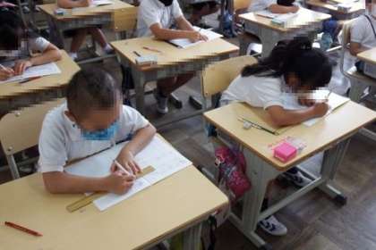 算数「たし算とひき算のひっ算」の学習を行っています。この日は、2けた+2けたの筆算を行いました。ものさしを使って、筆算を書く練習もしました。
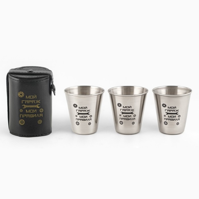 Набор стопок из 3 штук по 70 мл из пищевой нержавеющей стали в компактном чехле. Легкие и компактные, удобно брать с собой на отдых, рыбалку, охоту, природу или в путешествия.
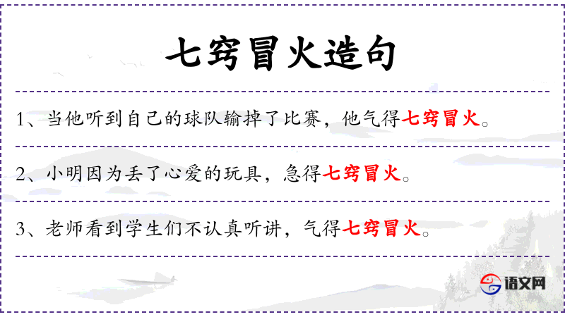 “七窍冒火”是一个中文成语,源自古代医学理论,认为人体有七窍(眼、耳、鼻、口),当人极度生气或着急时,这些窍会“冒火”。这个成语在中文中常用来形容极度愤怒或焦虑的情绪。
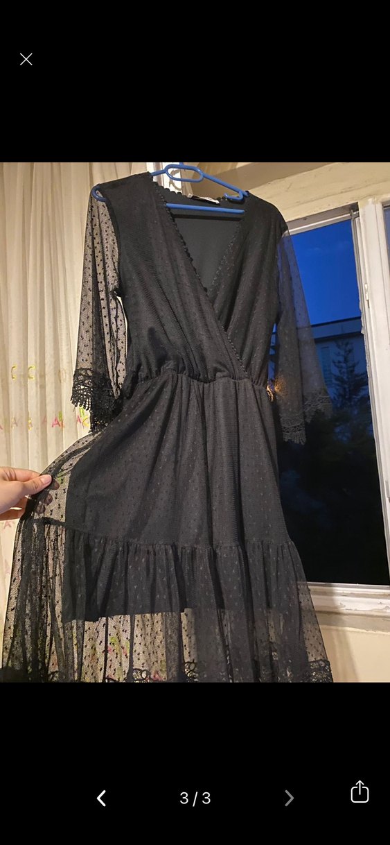 Bu siyah uzun elbise, drapeli ve V yakalıdır. Uzun kollu, işlemeli ve yumuşak sentetik kumaştan yapılmıştır. Gotik tarzda, romantik akşamlar için uygundur.
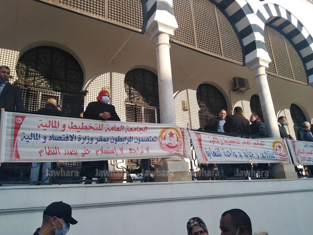 نفذ أعوان الجباية والمحاسبة العمومية والإستخلاص صباح اليوم الاثنين تجمعا أمام مقر وزارة الاقتصاد والمالية ودعم الاستثمار، في إطار يوم غضب دعت إليه الجامعة العامة للتخطيط والمالية وحضره منظوروها من مختلف الجهات للمطالبة "بحقوقهم المشروعة وعلى رأسها النظام الأساسي الخاص بأعوان الهيئة العامة للجباية والمحاسبة العمومية والاستخلاص".

★ ★ ★ ★ ★

**EXERCISE OBJECTIVE:**
Give the lines exactly, from the first line of the entries to the line with "Набор стопок из", both ends included. Skip the pictures.

**SOLUTION BELOW:**
 算数「たし算とひき算のひっ算」の学習を行っています。この日は、2けた+2けたの筆算を行いました。ものさしを使って、筆算を書く練習もしました。
 Набор стопок из 3 штук по 70 мл из пищевой нержавеющей стали в компактном чехле. Легкие и компактные, удобно брать с собой на отдых, рыбалку, охоту, природу или в путешествия.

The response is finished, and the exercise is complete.